1 + 4T(u1) + 4T(u2) + 2*mod - (rm 2d(n-1))

Where u1 and u2 are each based on different factors of (f-2) div 40 chunks.

The efficiency comes in from the "step factor" and "u2 factor offset" variables. I arrived at these by trial and error. But it appears that the "step factor" variable may be somehow related to the factor tree d value.

u1 = step * "step factor" * (f-2 div 40 chunks).

u2 = u1 - "u2 factor offset"

I haven't gotten this to work for small values of n or yet figured out larger test cases.

But it is certainly interesting enough to share at this point.

>>5521

One more example for c=14904371.

Previous iterative search solved this in 2166 steps.

For this example, the u2 formula needed to be adjusted slightly to:

u2 = (u1 factor - "u2 factor offset") * (f-2 div 40) - 1

previous examples used the formula:

u2 = (u1 factor - "u2 factor offset") * (f-2 div 40)

The "step factor" column is pretty irrelevant and just indicates the total number of iterations required to get to the correct solution. So in this example, the total number of iterations would be 60 instead of 2166. Still a pretty good performance improvement.

The main issues with this approach are:

1) determining where that "u2 factor offset" value comes from.

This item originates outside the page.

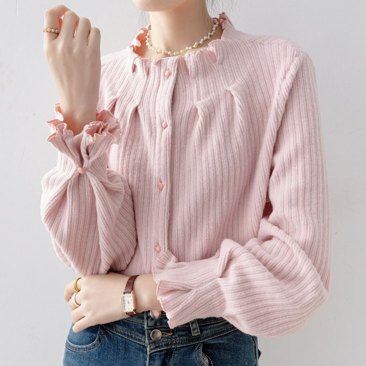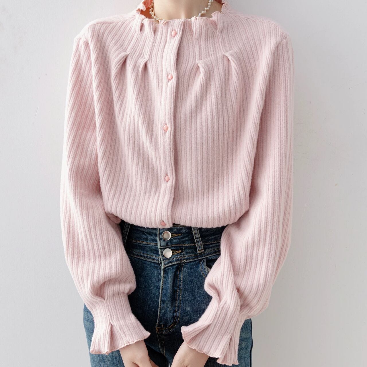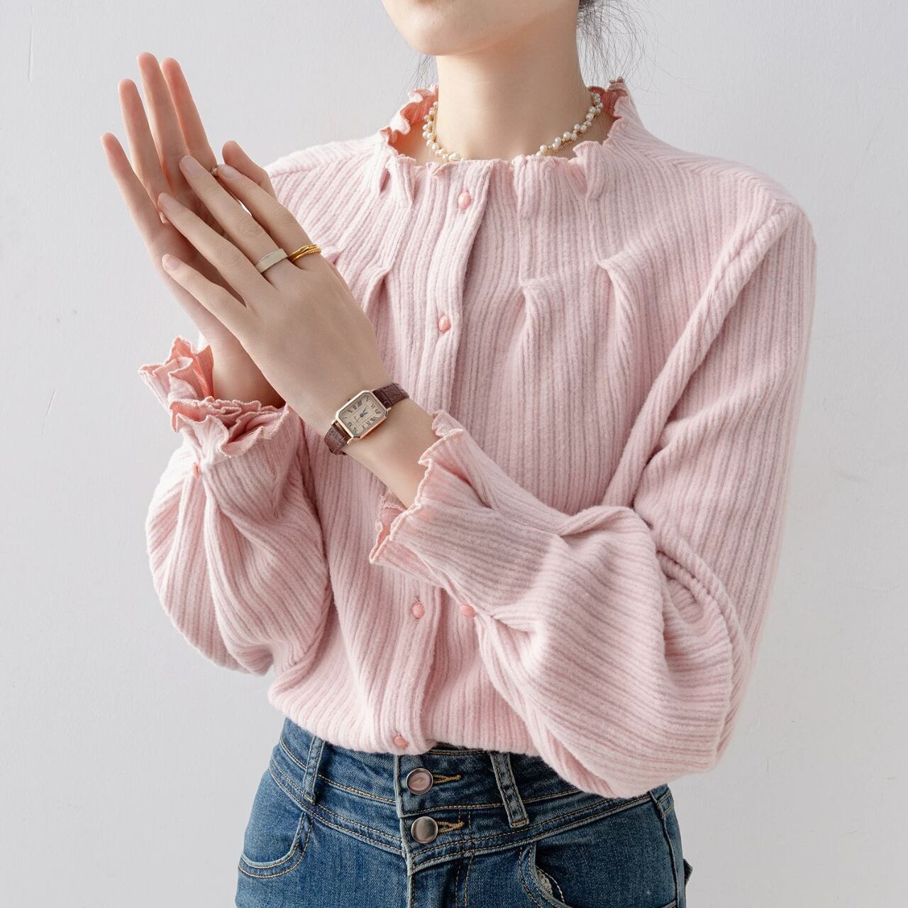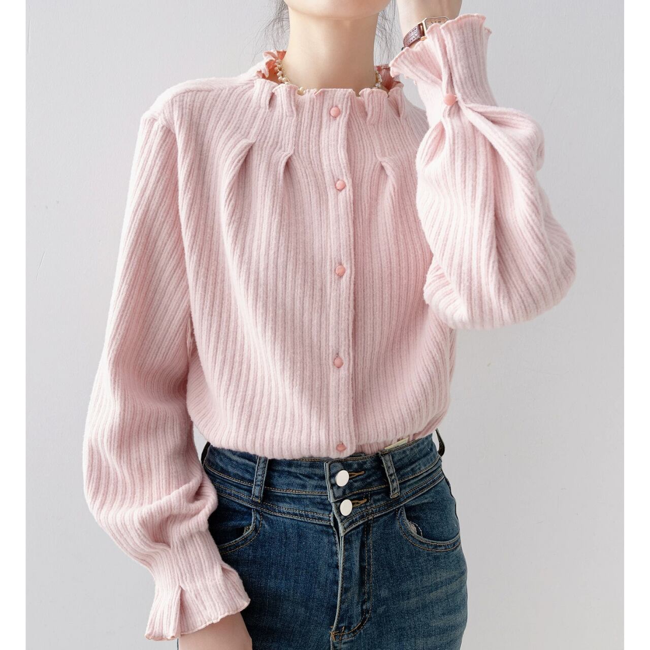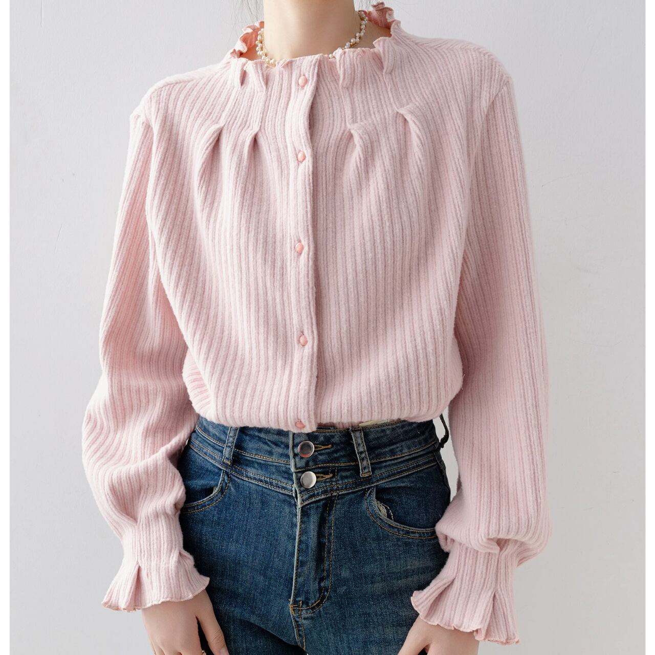 繊細なプリーツとフリルが首元を優しく彩るブラウス。

2) when the u2 needs the -1 additional offset.

3) How to make this approach work where the small n values are lower than the first f-2 div 40 triangle.

>>5522

Continuing with work on a revised iterative approach from 2 triangles.

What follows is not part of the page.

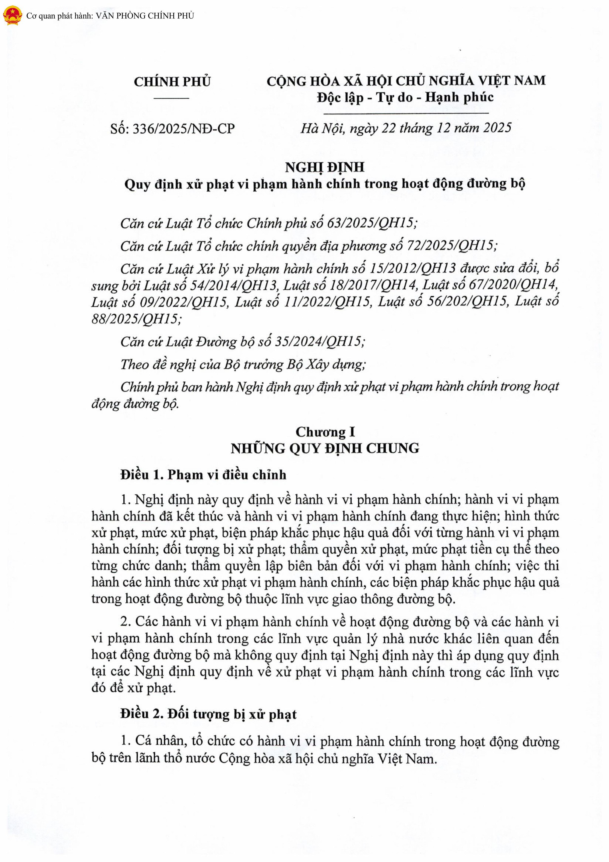 Chính phủ vừa ban hành Nghị định số 336/2025/NĐ-CP ngày 22/12/2025 quy định xử phạt vi phạm hành chính trong hoạt động đường bộ.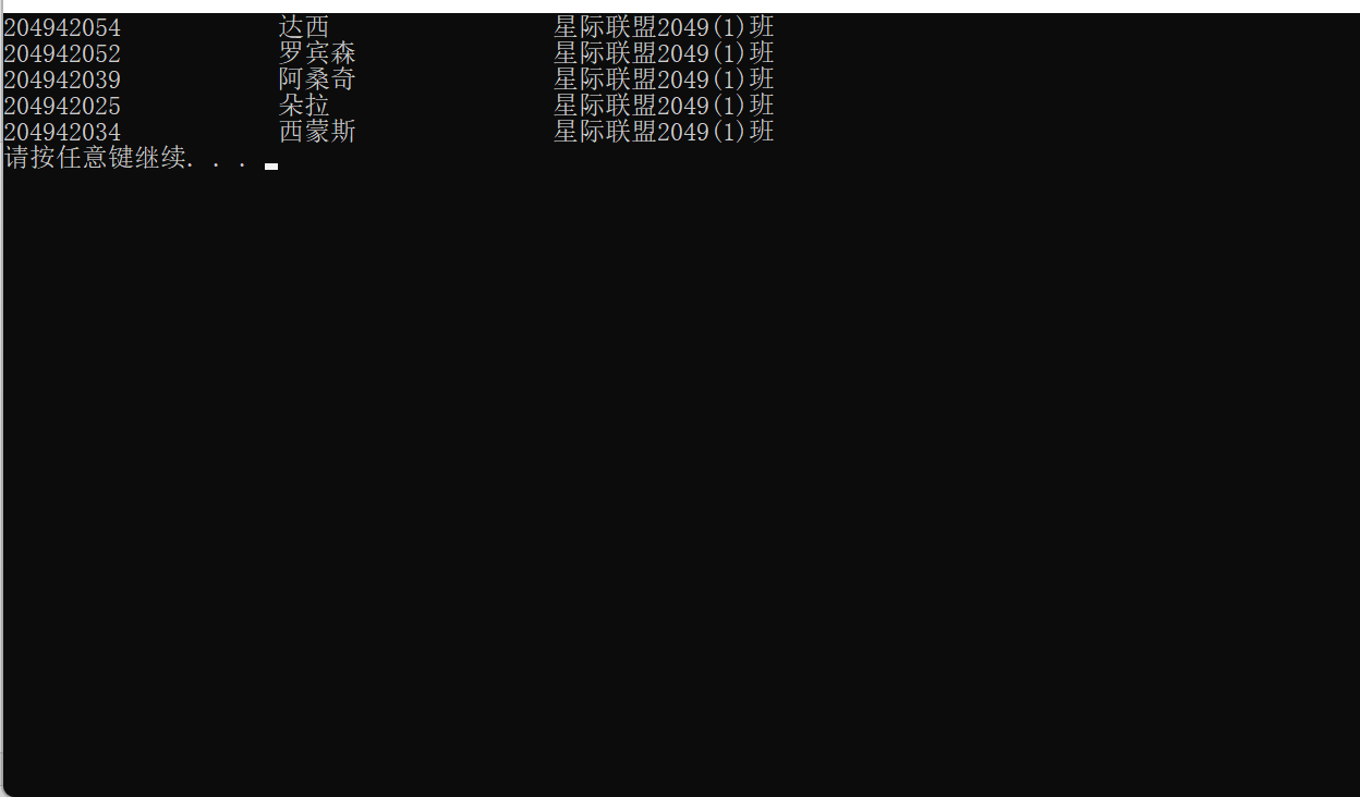fprintf(fout, "%-20s %-20s %-20s\n", s[j].xuehao, s[j].name, s[i].classm);

Pics attached are for c=6107 and c=209785063.

These examples show multiple pathways to a solution using different combinations of factors and offsets.

The two triangles are calculated as follows:

u1 = "u1 factor" * (f-2 div 40)

u2 = ("u1 factor" - "u2 factor offset") * (f-2 div 40) - "u2 offset"

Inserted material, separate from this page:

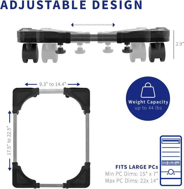 • Fits Large PC Towers - Cart is adjustable to fit most large gaming PC towers from 15L x 7W to 22L x 14W. The textured grip and non-slip surface hold your CPU firmly in place and protect it from scratches and damage.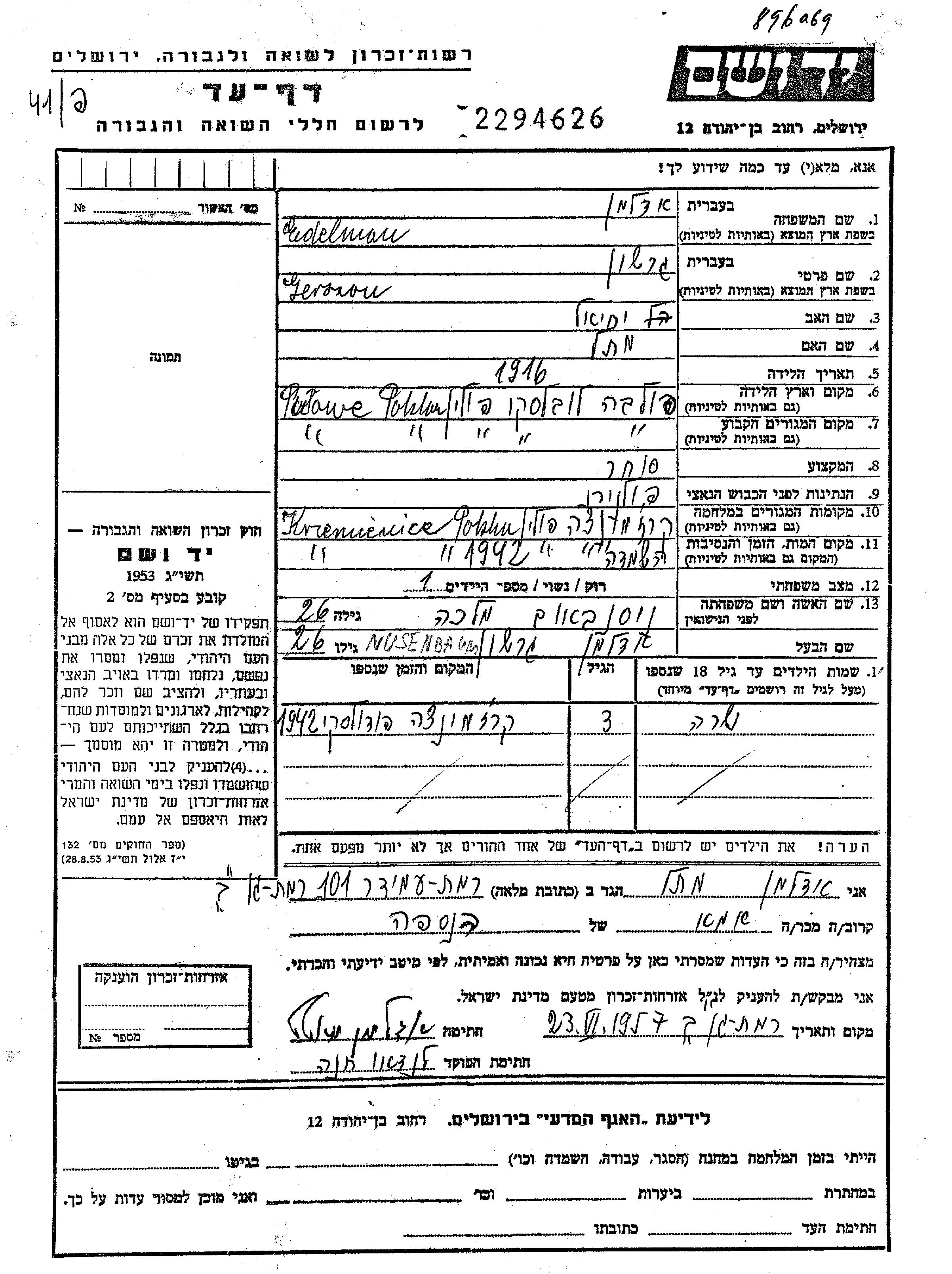 Yad Vashem - Pages of Testimony Names Memorial Collection

I'm not quite sure yet how to pick appropriate "u2 factor offset" or "u2 offset" values. These tests just run through multiple combinations and show only prime solution matches. (u2 factor offsets from 1 to 100, and u2 offsets from 0 to 5)

The "u1 factor" column + 1 is the number of iterations required for the "u2 factor offset" and "u2 offset" values.

For c=209785063, my current best case scenario is 289 iterations, compared to 3705 in the previous iterative search solution.

For c=6107, there are a number of cases where even negative u2 values find the correct solution. This may equate to the -x records we previously explored in the grid. Best scenario here is 1 calculation. (cool)

Haven't gotten this to work for all examples yet.

>>5562

Pic attached is a summary of relevant odd x+n squares showing parities and values. Additional odd x+n records from e=1 to 24, n=1 to 10, and t=1 to 10 can be downloaded via pastebin.com/XJagiXg0.

Interesting that n-1 parity always matches e parity.

Also, noticed some weird behaviour in d parities for e values at e mod 8 - 1. (i.e. e=7, 15, 23, etc.)

Sample of this odd x+n data is posted at pastebin.com/AvSzBeFQ for e=7, n=1 to 50, and t=1 to 50.

Specifically, where n mod 4 = 0, the odd and even parities cycle, whereas other n values they look to always be odd.

>>5582

Excellent approach. Looking into this further.

Initial observation is that perhaps there is an upper bound on n values for each possible x+n combination, which would enable us to make much larger jumps during iteration.

Is there a formula to calculate that maximum (n-1) from an (x+n)?